──────── Data to process

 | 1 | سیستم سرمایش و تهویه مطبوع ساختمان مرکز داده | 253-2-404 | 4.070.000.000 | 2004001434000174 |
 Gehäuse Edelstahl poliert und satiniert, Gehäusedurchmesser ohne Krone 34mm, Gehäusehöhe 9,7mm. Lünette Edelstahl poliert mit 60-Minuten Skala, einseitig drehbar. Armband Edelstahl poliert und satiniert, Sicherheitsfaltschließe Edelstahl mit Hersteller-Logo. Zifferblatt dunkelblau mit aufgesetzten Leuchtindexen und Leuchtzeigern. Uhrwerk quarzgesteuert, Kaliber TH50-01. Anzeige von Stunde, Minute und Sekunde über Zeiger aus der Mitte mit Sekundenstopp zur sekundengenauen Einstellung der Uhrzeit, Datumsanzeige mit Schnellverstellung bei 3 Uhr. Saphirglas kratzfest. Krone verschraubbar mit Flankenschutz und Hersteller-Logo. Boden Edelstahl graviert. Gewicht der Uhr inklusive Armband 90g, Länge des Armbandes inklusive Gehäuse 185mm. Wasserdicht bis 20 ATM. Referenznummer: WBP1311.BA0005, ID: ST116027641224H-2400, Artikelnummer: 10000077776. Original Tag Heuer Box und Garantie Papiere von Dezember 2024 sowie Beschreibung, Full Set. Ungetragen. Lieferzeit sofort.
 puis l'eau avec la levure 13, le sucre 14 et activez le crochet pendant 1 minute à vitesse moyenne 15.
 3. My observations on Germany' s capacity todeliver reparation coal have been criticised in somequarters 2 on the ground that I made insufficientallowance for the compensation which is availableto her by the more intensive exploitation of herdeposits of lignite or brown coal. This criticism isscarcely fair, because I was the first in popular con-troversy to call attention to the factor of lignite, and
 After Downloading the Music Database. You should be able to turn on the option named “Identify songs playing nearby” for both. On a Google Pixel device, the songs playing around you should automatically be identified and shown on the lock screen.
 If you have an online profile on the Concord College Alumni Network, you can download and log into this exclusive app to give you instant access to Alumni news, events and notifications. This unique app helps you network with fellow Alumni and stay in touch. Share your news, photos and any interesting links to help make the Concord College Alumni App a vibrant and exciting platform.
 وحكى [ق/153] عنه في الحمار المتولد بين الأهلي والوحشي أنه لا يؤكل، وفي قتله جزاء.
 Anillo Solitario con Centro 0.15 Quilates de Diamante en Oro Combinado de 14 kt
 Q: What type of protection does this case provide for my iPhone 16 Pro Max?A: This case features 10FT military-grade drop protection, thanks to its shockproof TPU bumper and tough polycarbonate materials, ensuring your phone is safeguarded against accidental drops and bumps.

────────────────

What needs to be done: Give the data again in full, keeping every line as it was.

Result below:
 | 1 | سیستم سرمایش و تهویه مطبوع ساختمان مرکز داده | 253-2-404 | 4.070.000.000 | 2004001434000174 |
 Gehäuse Edelstahl poliert und satiniert, Gehäusedurchmesser ohne Krone 34mm, Gehäusehöhe 9,7mm. Lünette Edelstahl poliert mit 60-Minuten Skala, einseitig drehbar. Armband Edelstahl poliert und satiniert, Sicherheitsfaltschließe Edelstahl mit Hersteller-Logo. Zifferblatt dunkelblau mit aufgesetzten Leuchtindexen und Leuchtzeigern. Uhrwerk quarzgesteuert, Kaliber TH50-01. Anzeige von Stunde, Minute und Sekunde über Zeiger aus der Mitte mit Sekundenstopp zur sekundengenauen Einstellung der Uhrzeit, Datumsanzeige mit Schnellverstellung bei 3 Uhr. Saphirglas kratzfest. Krone verschraubbar mit Flankenschutz und Hersteller-Logo. Boden Edelstahl graviert. Gewicht der Uhr inklusive Armband 90g, Länge des Armbandes inklusive Gehäuse 185mm. Wasserdicht bis 20 ATM. Referenznummer: WBP1311.BA0005, ID: ST116027641224H-2400, Artikelnummer: 10000077776. Original Tag Heuer Box und Garantie Papiere von Dezember 2024 sowie Beschreibung, Full Set. Ungetragen. Lieferzeit sofort.
 puis l'eau avec la levure 13, le sucre 14 et activez le crochet pendant 1 minute à vitesse moyenne 15.
 3. My observations on Germany' s capacity todeliver reparation coal have been criticised in somequarters 2 on the ground that I made insufficientallowance for the compensation which is availableto her by the more intensive exploitation of herdeposits of lignite or brown coal. This criticism isscarcely fair, because I was the first in popular con-troversy to call attention to the factor of lignite, and
 After Downloading the Music Database. You should be able to turn on the option named “Identify songs playing nearby” for both. On a Google Pixel device, the songs playing around you should automatically be identified and shown on the lock screen.
 If you have an online profile on the Concord College Alumni Network, you can download and log into this exclusive app to give you instant access to Alumni news, events and notifications. This unique app helps you network with fellow Alumni and stay in touch. Share your news, photos and any interesting links to help make the Concord College Alumni App a vibrant and exciting platform.
 وحكى [ق/153] عنه في الحمار المتولد بين الأهلي والوحشي أنه لا يؤكل، وفي قتله جزاء.
 Anillo Solitario con Centro 0.15 Quilates de Diamante en Oro Combinado de 14 kt
 Q: What type of protection does this case provide for my iPhone 16 Pro Max?A: This case features 10FT military-grade drop protection, thanks to its shockproof TPU bumper and tough polycarbonate materials, ensuring your phone is safeguarded against accidental drops and bumps.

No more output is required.